* [GOAL OF THE EXERCISE] Return the listing below unchanged, minus its pictures.

* [DATA PROVIDED]
+ + + + +

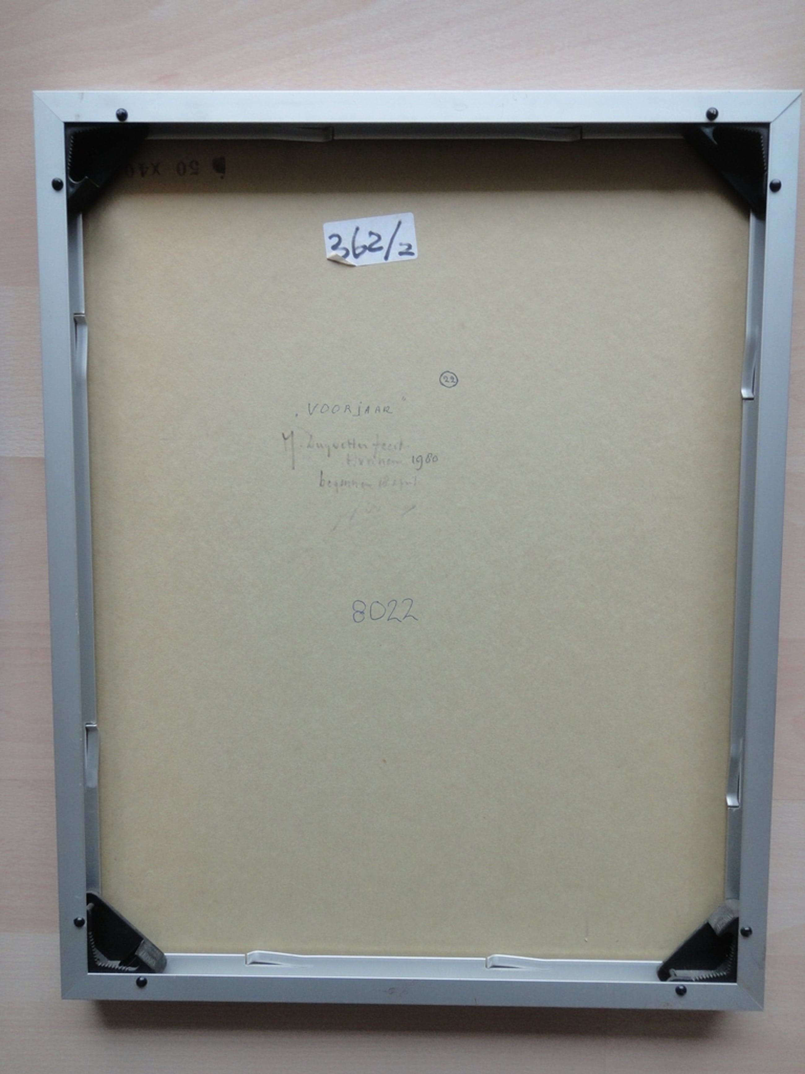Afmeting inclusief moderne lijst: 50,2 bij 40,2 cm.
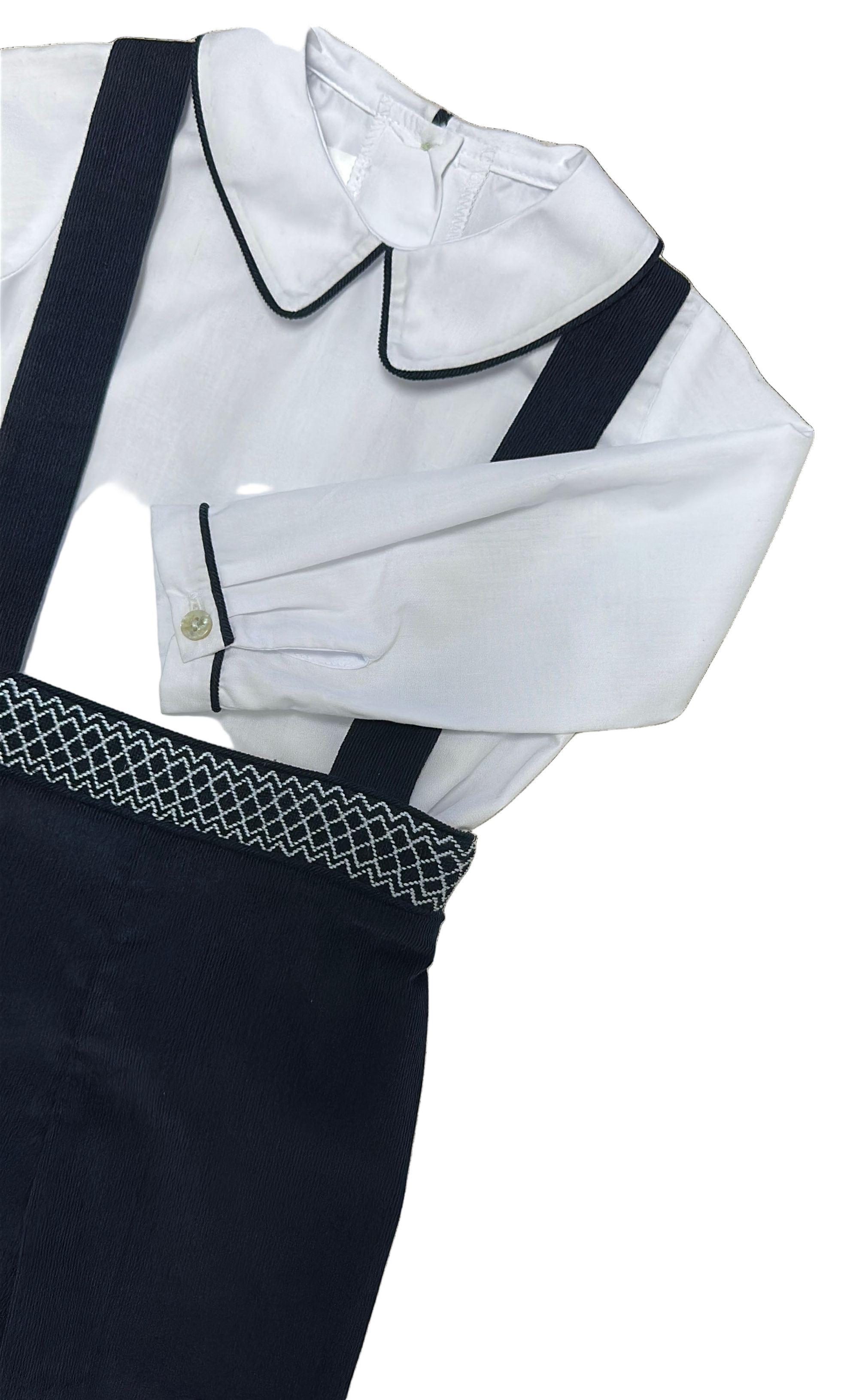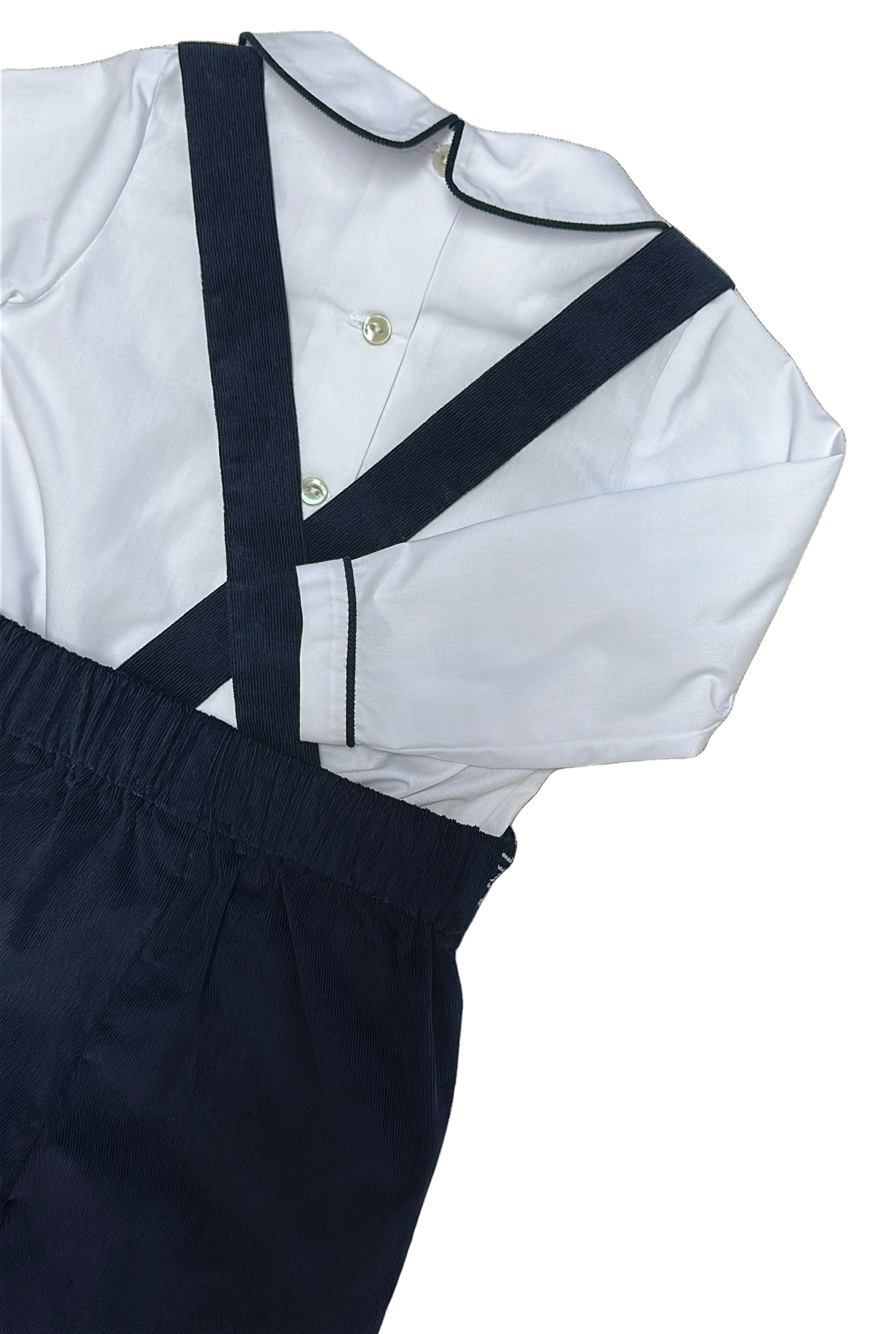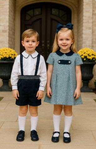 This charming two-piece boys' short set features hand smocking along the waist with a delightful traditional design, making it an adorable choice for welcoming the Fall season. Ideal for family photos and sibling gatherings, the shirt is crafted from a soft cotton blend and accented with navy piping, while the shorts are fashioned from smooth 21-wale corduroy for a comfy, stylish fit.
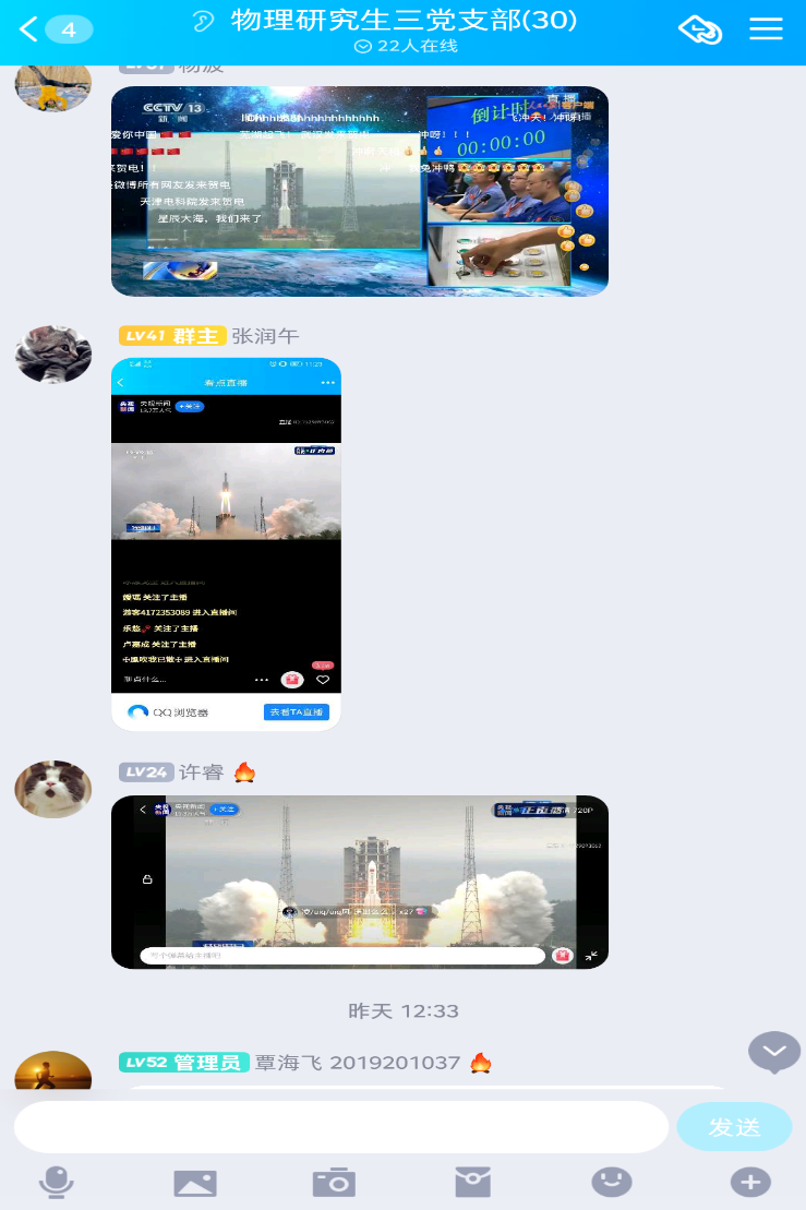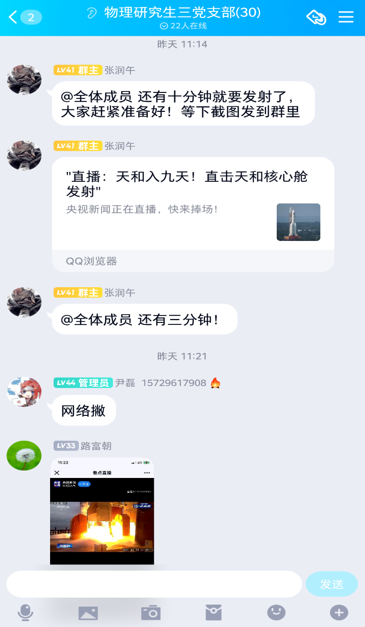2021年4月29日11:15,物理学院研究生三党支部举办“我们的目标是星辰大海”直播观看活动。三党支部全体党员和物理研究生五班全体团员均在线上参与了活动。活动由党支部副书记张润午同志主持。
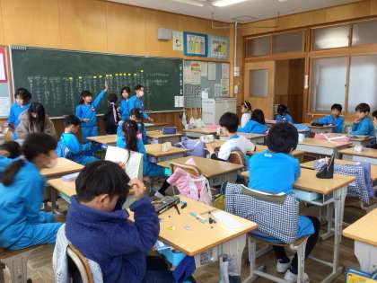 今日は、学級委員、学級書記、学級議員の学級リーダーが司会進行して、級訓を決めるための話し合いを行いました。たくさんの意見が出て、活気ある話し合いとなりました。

+ + + + +

* [ANSWER TO THIS TASK]
Afmeting inclusief moderne lijst: 50,2 bij 40,2 cm.
 This charming two-piece boys' short set features hand smocking along the waist with a delightful traditional design, making it an adorable choice for welcoming the Fall season. Ideal for family photos and sibling gatherings, the shirt is crafted from a soft cotton blend and accented with navy piping, while the shorts are fashioned from smooth 21-wale corduroy for a comfy, stylish fit.
2021年4月29日11:15,物理学院研究生三党支部举办“我们的目标是星辰大海”直播观看活动。三党支部全体党员和物理研究生五班全体团员均在线上参与了活动。活动由党支部副书记张润午同志主持。
 今日は、学級委員、学級書記、学級議員の学級リーダーが司会進行して、級訓を決めるための話し合いを行いました。たくさんの意見が出て、活気ある話し合いとなりました。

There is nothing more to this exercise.